Task goal> Copy out the data below from the line containing "Firma y Sella: Antonio" to the line containing "2015年U-17日本代表、", both lines included, with all images left out.

Exercise input>
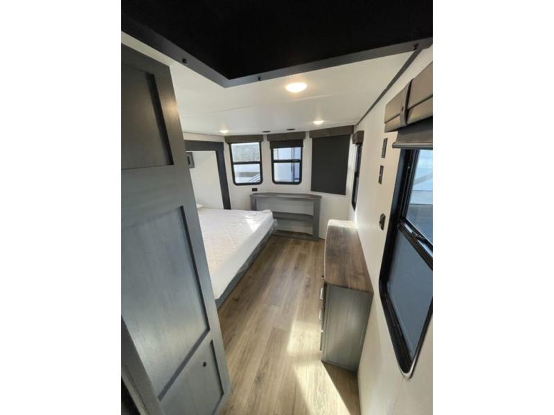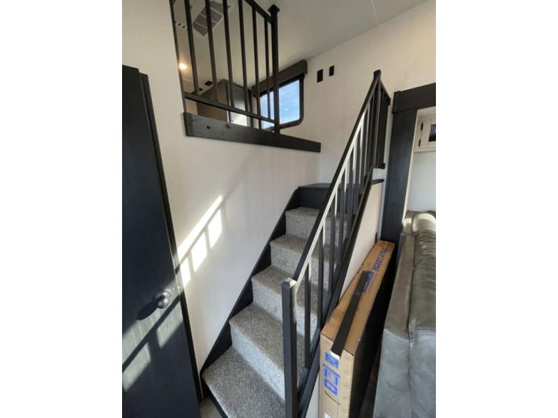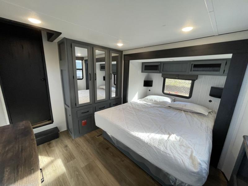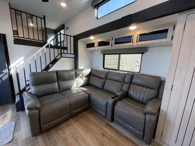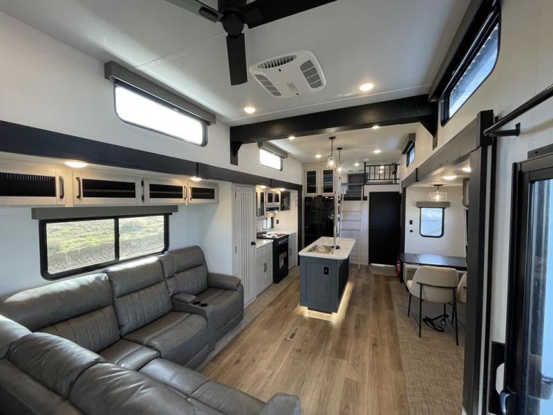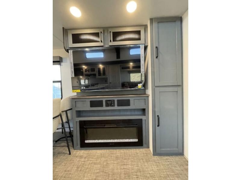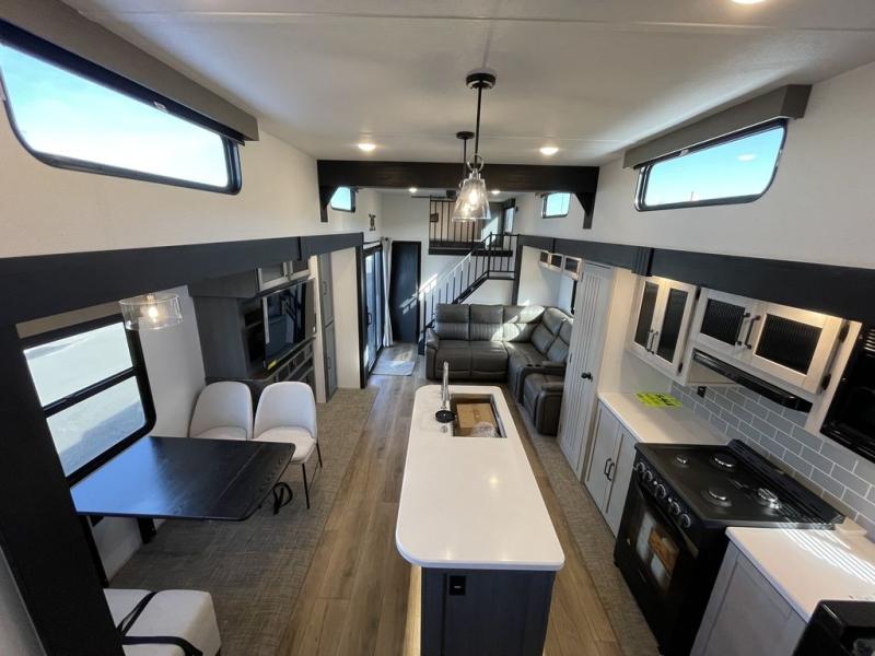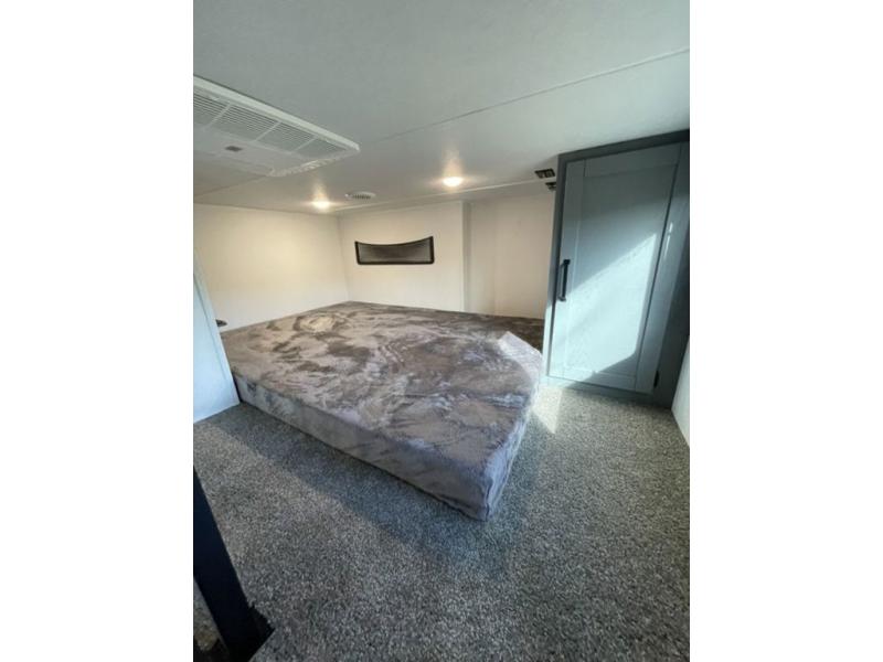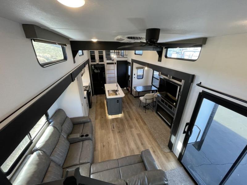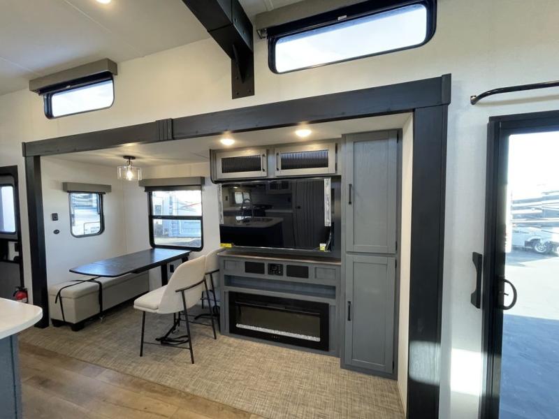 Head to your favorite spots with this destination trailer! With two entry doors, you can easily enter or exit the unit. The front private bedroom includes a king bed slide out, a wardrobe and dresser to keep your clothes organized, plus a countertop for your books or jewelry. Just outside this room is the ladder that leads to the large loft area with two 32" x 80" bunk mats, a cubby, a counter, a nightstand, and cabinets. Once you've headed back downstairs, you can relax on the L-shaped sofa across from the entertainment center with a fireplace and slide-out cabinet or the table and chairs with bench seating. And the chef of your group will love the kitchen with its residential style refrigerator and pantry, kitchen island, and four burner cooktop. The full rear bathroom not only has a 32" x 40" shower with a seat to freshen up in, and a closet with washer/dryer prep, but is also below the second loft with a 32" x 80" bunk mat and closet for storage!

==

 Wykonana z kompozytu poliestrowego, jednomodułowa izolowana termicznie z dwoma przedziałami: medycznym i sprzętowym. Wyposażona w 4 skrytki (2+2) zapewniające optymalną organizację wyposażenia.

---

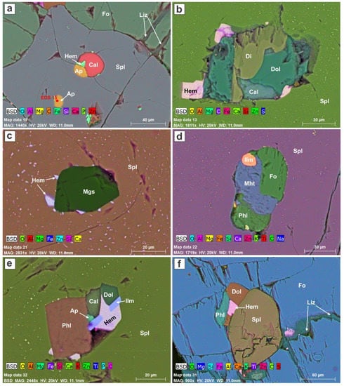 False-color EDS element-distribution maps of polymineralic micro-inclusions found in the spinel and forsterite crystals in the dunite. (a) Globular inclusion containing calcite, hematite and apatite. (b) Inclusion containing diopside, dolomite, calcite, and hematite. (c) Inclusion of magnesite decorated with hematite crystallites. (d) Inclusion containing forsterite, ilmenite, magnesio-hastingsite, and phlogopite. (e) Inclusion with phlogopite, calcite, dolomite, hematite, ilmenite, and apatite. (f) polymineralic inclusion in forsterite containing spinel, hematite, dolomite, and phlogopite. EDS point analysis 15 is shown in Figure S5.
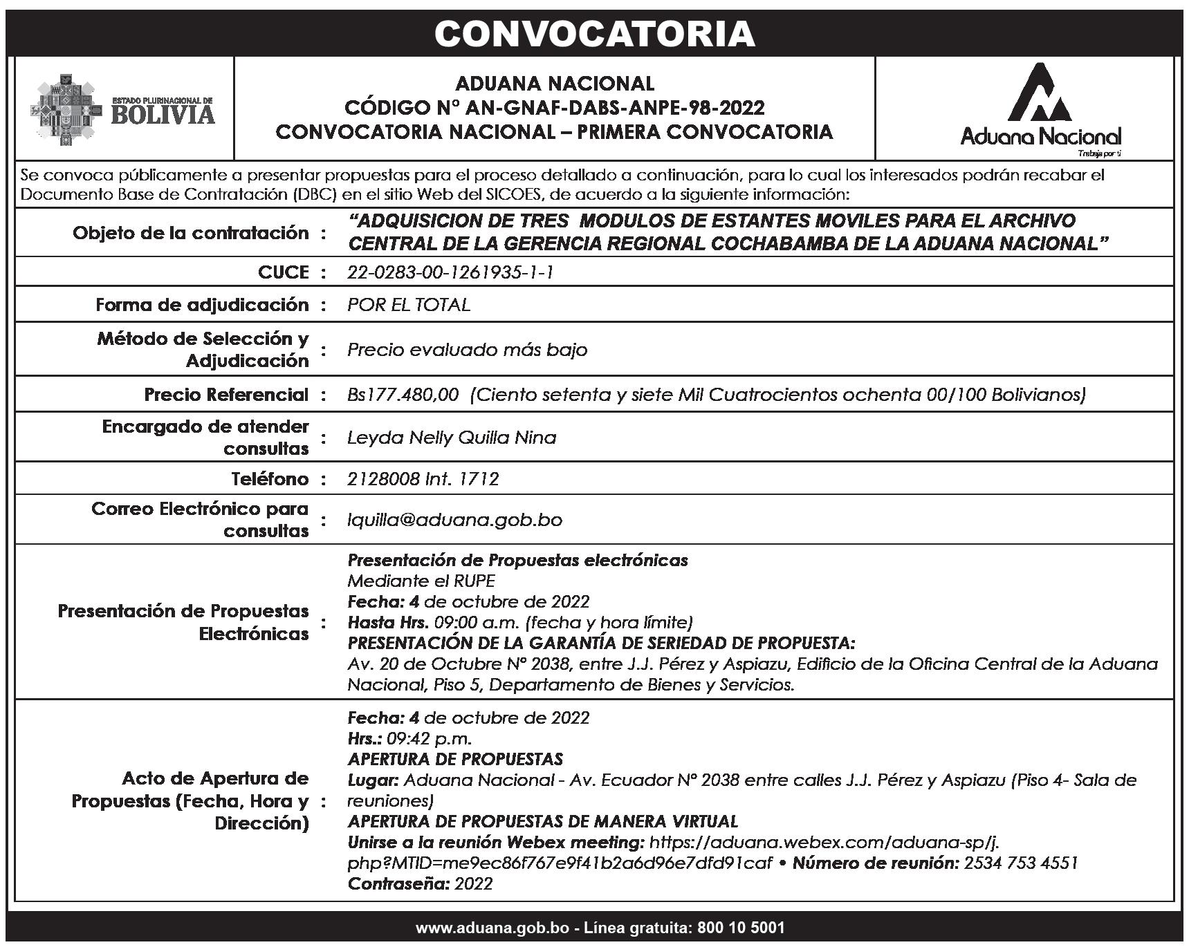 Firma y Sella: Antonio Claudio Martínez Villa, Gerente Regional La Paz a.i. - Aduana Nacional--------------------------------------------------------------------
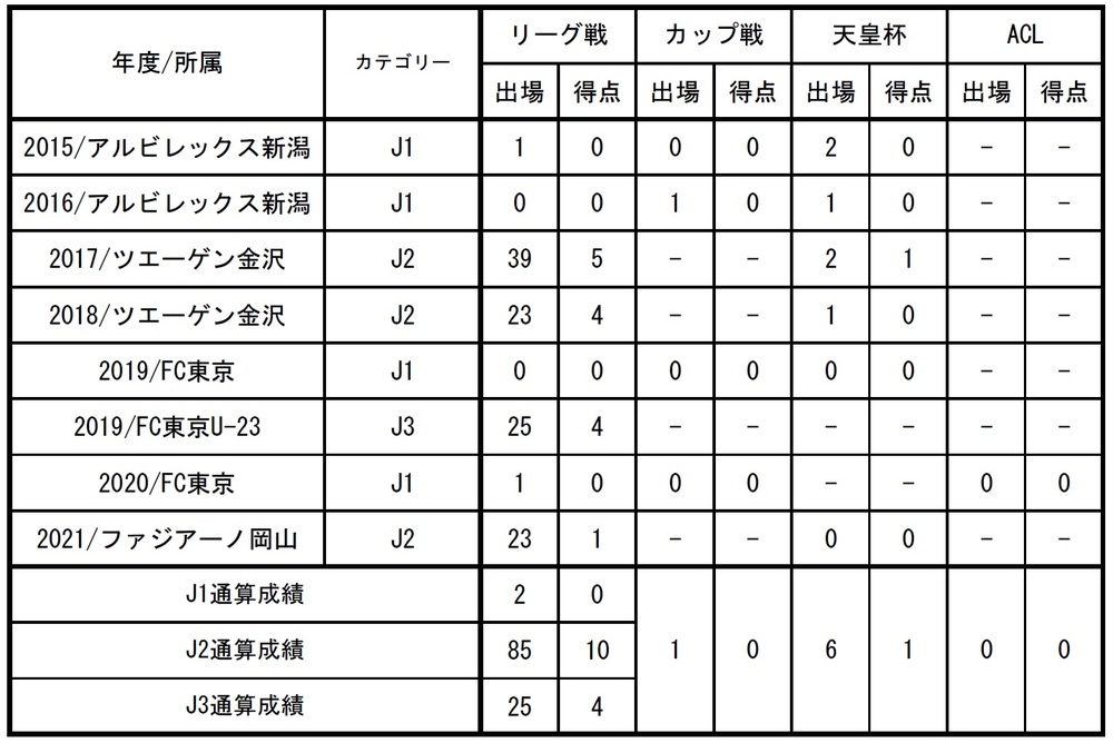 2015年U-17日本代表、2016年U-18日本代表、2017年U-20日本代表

Solution to this problem>
 Firma y Sella: Antonio Claudio Martínez Villa, Gerente Regional La Paz a.i. - Aduana Nacional--------------------------------------------------------------------
 2015年U-17日本代表、2016年U-18日本代表、2017年U-20日本代表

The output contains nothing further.